● YOUR OBJECTIVE
Once you reach the line containing "Grade A farm", return it and every line after it exactly, through the end of the records below, with no pictures.

- Opening Delimiter -

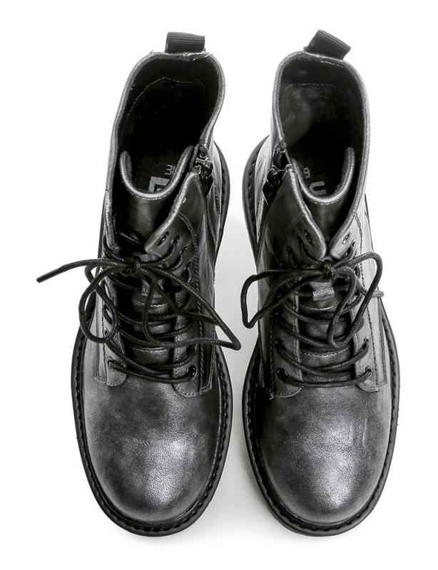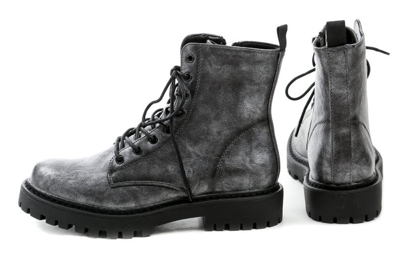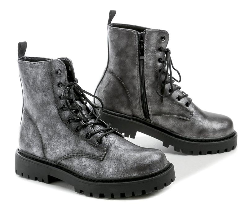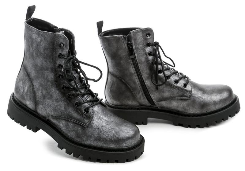 Dámské zimní boty s flaušovou podšívkou pro teplo a pohodlí, na šněrování i zip, z odolného syntetického materiálu ve šedo stříbrné barvě. zobrazit celý popis
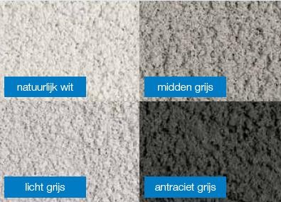 De Soundless spuitmortel is beschikbaar in vier basiskleuren: natuurlijk wit, lichtgrijs, middengrijs of antracietgrijs. Andere kleuren zijn mogelijk op aanvraag.
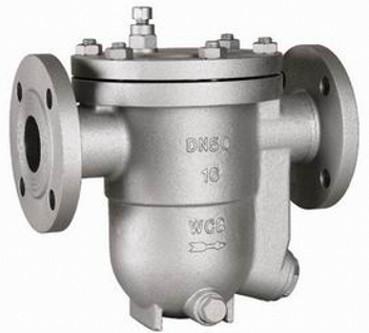 内部有一个精细研磨的不锈钢空心浮球,既是浮子又是启闭件,无易损零件,使用寿命很长。装置刚起动时,管道内出现空气和低温冷凝水,双金属自动排空气元件把浮球推离阀座,阀门打开,排除不凝结气体,低温冷凝水流进疏水阀,浮球上升,凝结水迅速排放。装置很快提升温度,管道内温度上升到饱和温度之前,双金属自动排空气元件感温变型伸直;蒸汽疏水阀进入正常运行状况,浮球随液位升降调节阀孔流量;当凝结水停止进入时,浮球随介质流向逼近阀座,关闭阀门。立式自由浮球式蒸汽疏水阀的阀座总处于液位以下,形成水封,无蒸汽泄漏。
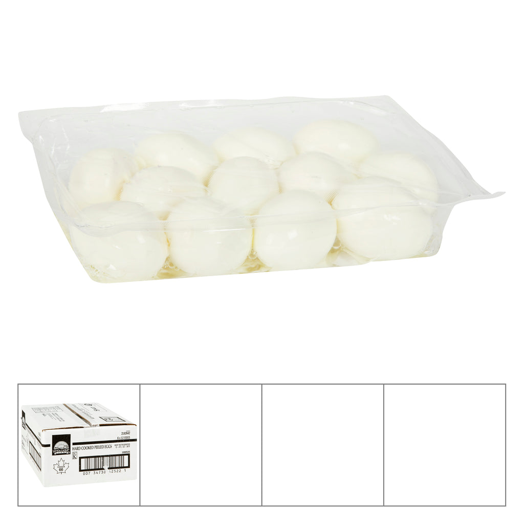 Grade A farm fresh eggs, peeled, cooked and packed in pillow packs. Case contains 6 individually packed dozen of eggs. Note: Ready to serve.
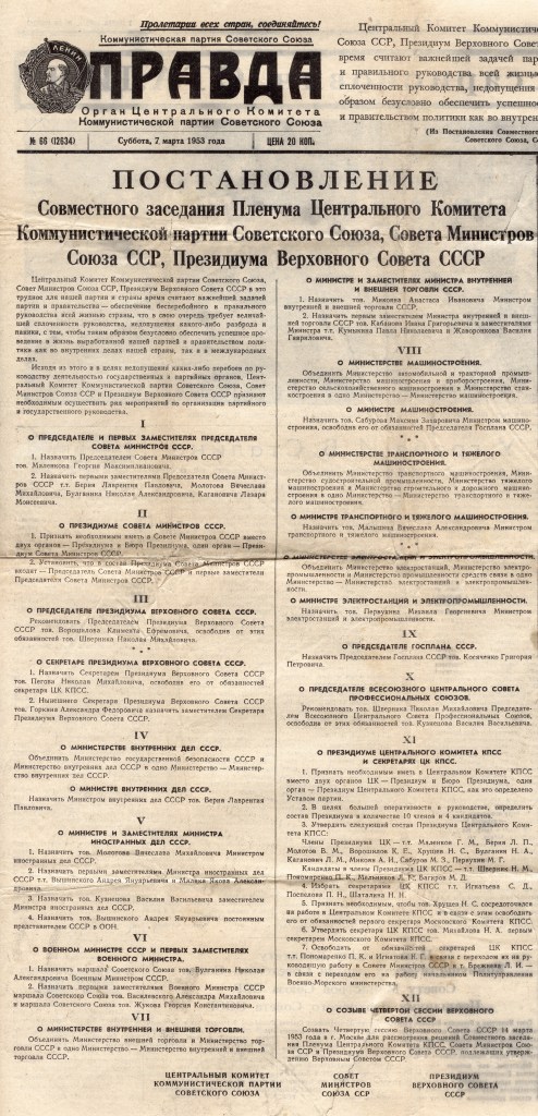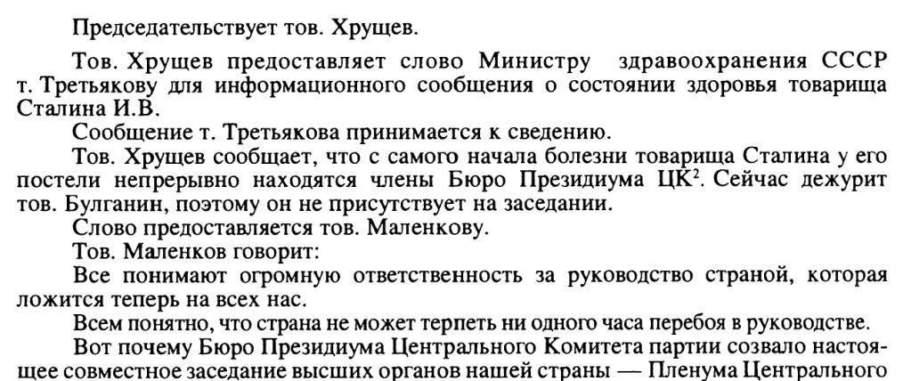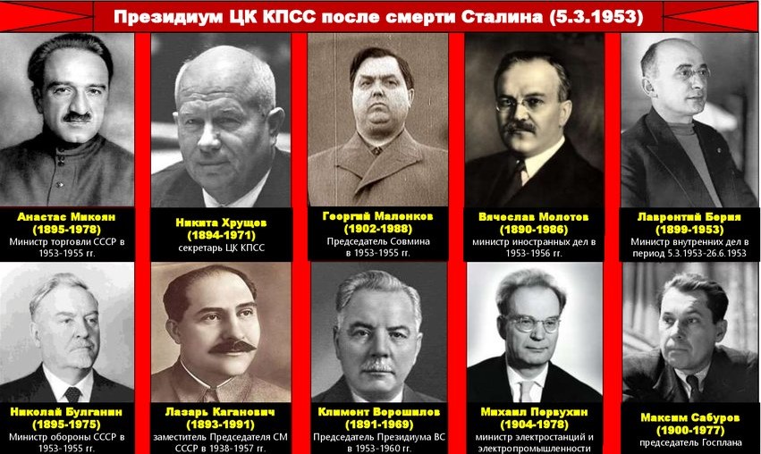 Όταν μετά από δύο μέρες θα ανακοινωθούν οι αποφάσεις της κοινής συνεδρίασης της Ολομέλειας της Κεντρικής Επιτροπής του ΚΚΣΕ, του Υπουργικού Συμβουλίου και του Πρεζίντιουμ του Ανωτάτου Σοβιέτ, όποιος διαβάσει τα απομνημονεύματα του Χρουστσόφ θα μείνει με την εντύπωση ότι όλα έγιναν όπως έπρεπε: πεθαίνει ο Στάλιν, συγκαλείται το Πρεζίντιουμ για να προτείνει και τα ανώτατα όργανα συνεδριάζουν την επομένη (6η Μάρτη) και αποφασίζουν. Στην πραγματικότητα οι «τριανδρία» (Μπέρια, Μαλενκόφ, Χρουστσόφ) επιβάλλει, ελέγχοντας τα υπόλοιπα μέλη του Γραφείου, και αγνοώντας τα υπόλοιπα μέλη του Πρεζίντιουμ, την διανομή των νέων ρόλων, πριν ο παραγωγός-σκηνοθέτης-πρωταγωνιστής, Στάλιν παραδώσει το πνεύμα του στην Ιστορία.
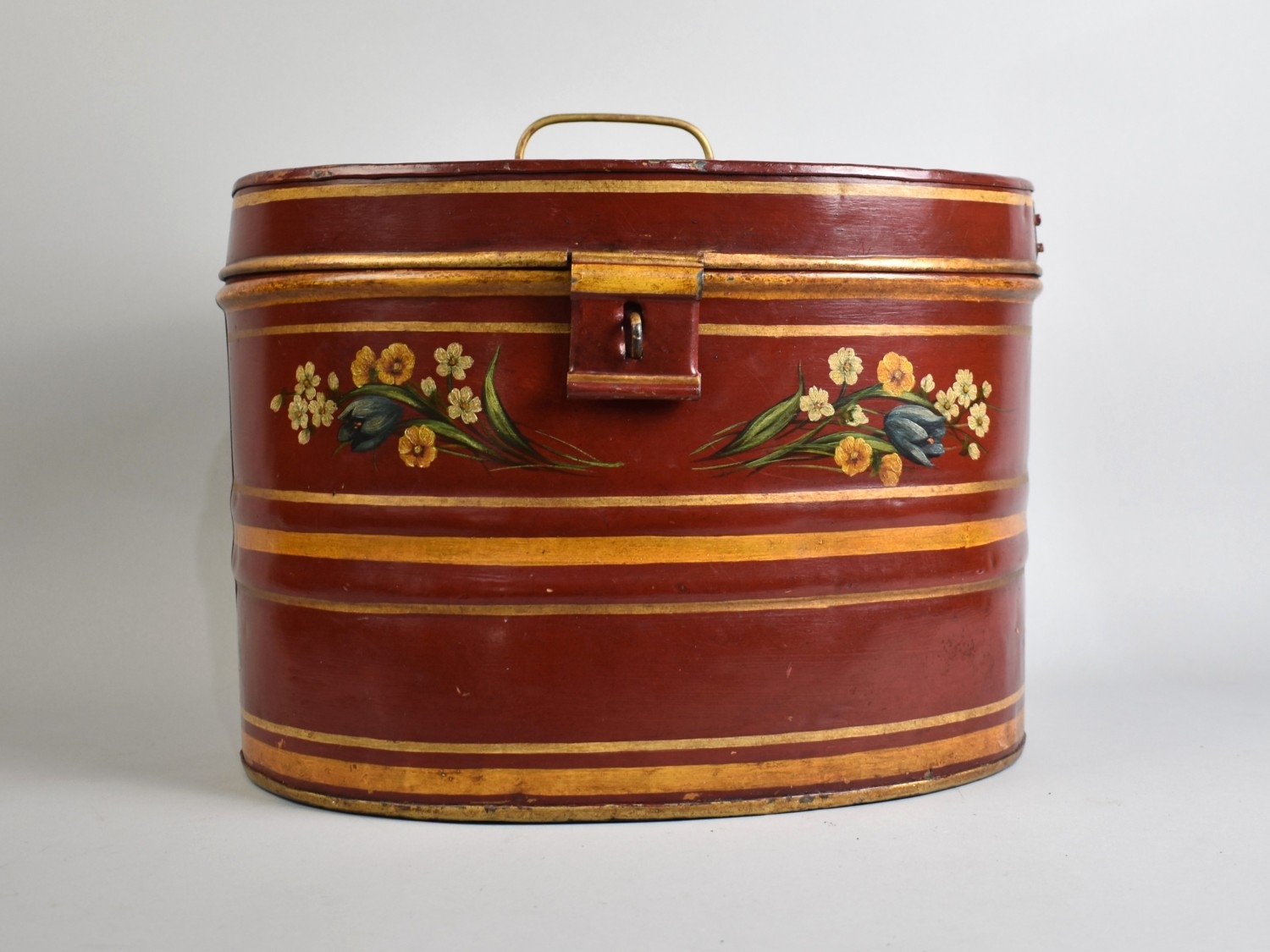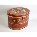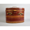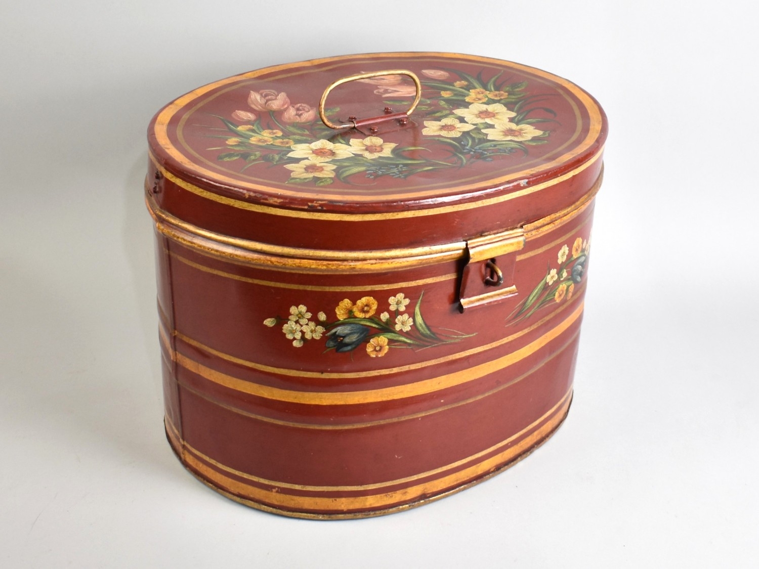 A Nicely Painted Oval Metal hat Tin Decorated with Daffodils and Tulips, 37cms Wide and 26cms High
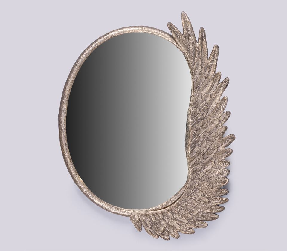 Angel Wing Oval Wall Mirror Handcrafted Gold Feather Frame Mirror for Luxury Home Deco Living Room Bedroom Hallway
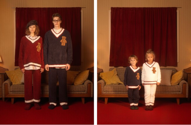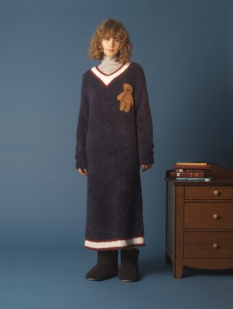 ホリデーシーズンの主役「ホリデーベア」といるイルミネーションを思わせるネップやロゴデザインのルームウェア。
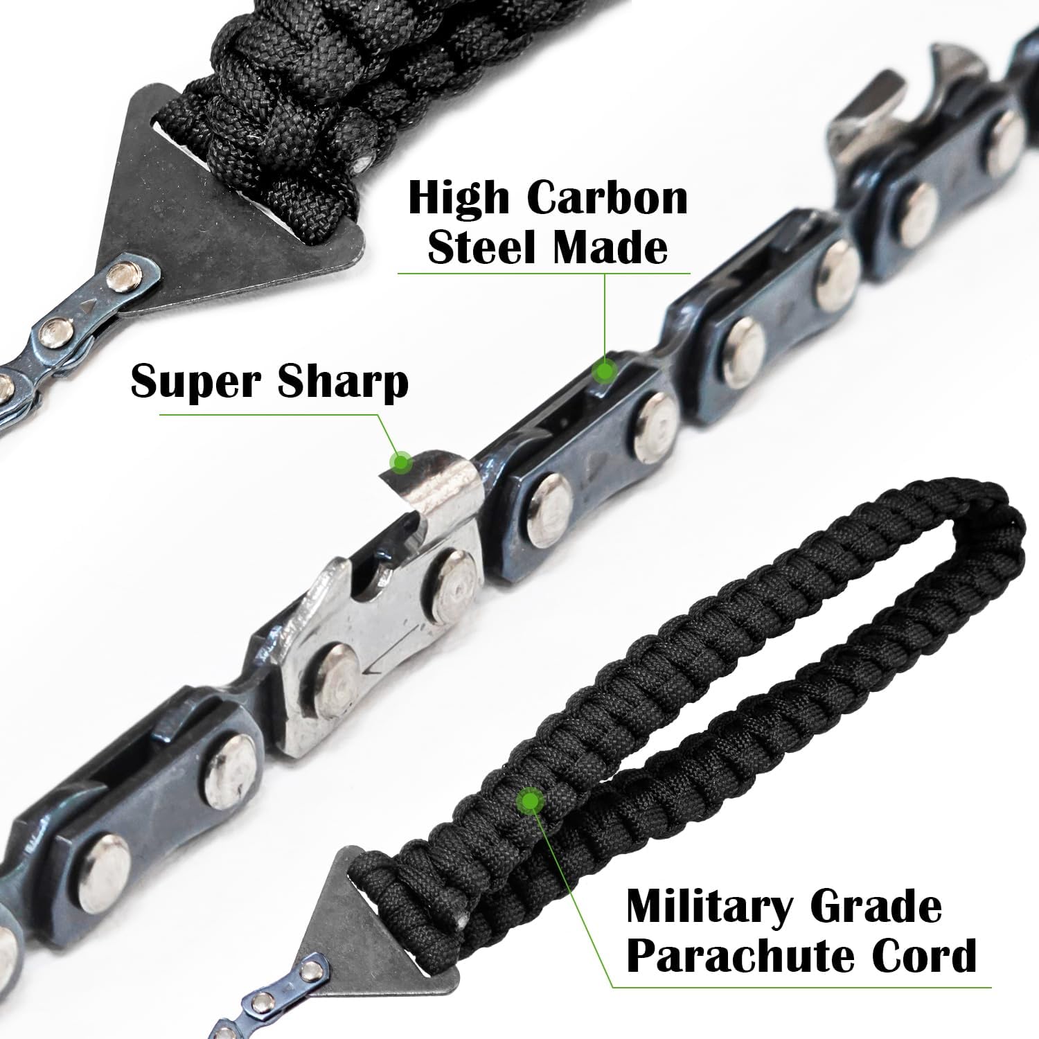 Pocket Chain Saw: The 40in- long pocket chain saw is made of high-quality steel with sharp teeth on both sides for cutting wood in camping, hiking and other survival situations

- Closing Delimiter -

● YOUR RESPONSE
 Grade A farm fresh eggs, peeled, cooked and packed in pillow packs. Case contains 6 individually packed dozen of eggs. Note: Ready to serve.
 Όταν μετά από δύο μέρες θα ανακοινωθούν οι αποφάσεις της κοινής συνεδρίασης της Ολομέλειας της Κεντρικής Επιτροπής του ΚΚΣΕ, του Υπουργικού Συμβουλίου και του Πρεζίντιουμ του Ανωτάτου Σοβιέτ, όποιος διαβάσει τα απομνημονεύματα του Χρουστσόφ θα μείνει με την εντύπωση ότι όλα έγιναν όπως έπρεπε: πεθαίνει ο Στάλιν, συγκαλείται το Πρεζίντιουμ για να προτείνει και τα ανώτατα όργανα συνεδριάζουν την επομένη (6η Μάρτη) και αποφασίζουν. Στην πραγματικότητα οι «τριανδρία» (Μπέρια, Μαλενκόφ, Χρουστσόφ) επιβάλλει, ελέγχοντας τα υπόλοιπα μέλη του Γραφείου, και αγνοώντας τα υπόλοιπα μέλη του Πρεζίντιουμ, την διανομή των νέων ρόλων, πριν ο παραγωγός-σκηνοθέτης-πρωταγωνιστής, Στάλιν παραδώσει το πνεύμα του στην Ιστορία.
 A Nicely Painted Oval Metal hat Tin Decorated with Daffodils and Tulips, 37cms Wide and 26cms High
 Angel Wing Oval Wall Mirror Handcrafted Gold Feather Frame Mirror for Luxury Home Deco Living Room Bedroom Hallway
 ホリデーシーズンの主役「ホリデーベア」といるイルミネーションを思わせるネップやロゴデザインのルームウェア。
 Pocket Chain Saw: The 40in- long pocket chain saw is made of high-quality steel with sharp teeth on both sides for cutting wood in camping, hiking and other survival situations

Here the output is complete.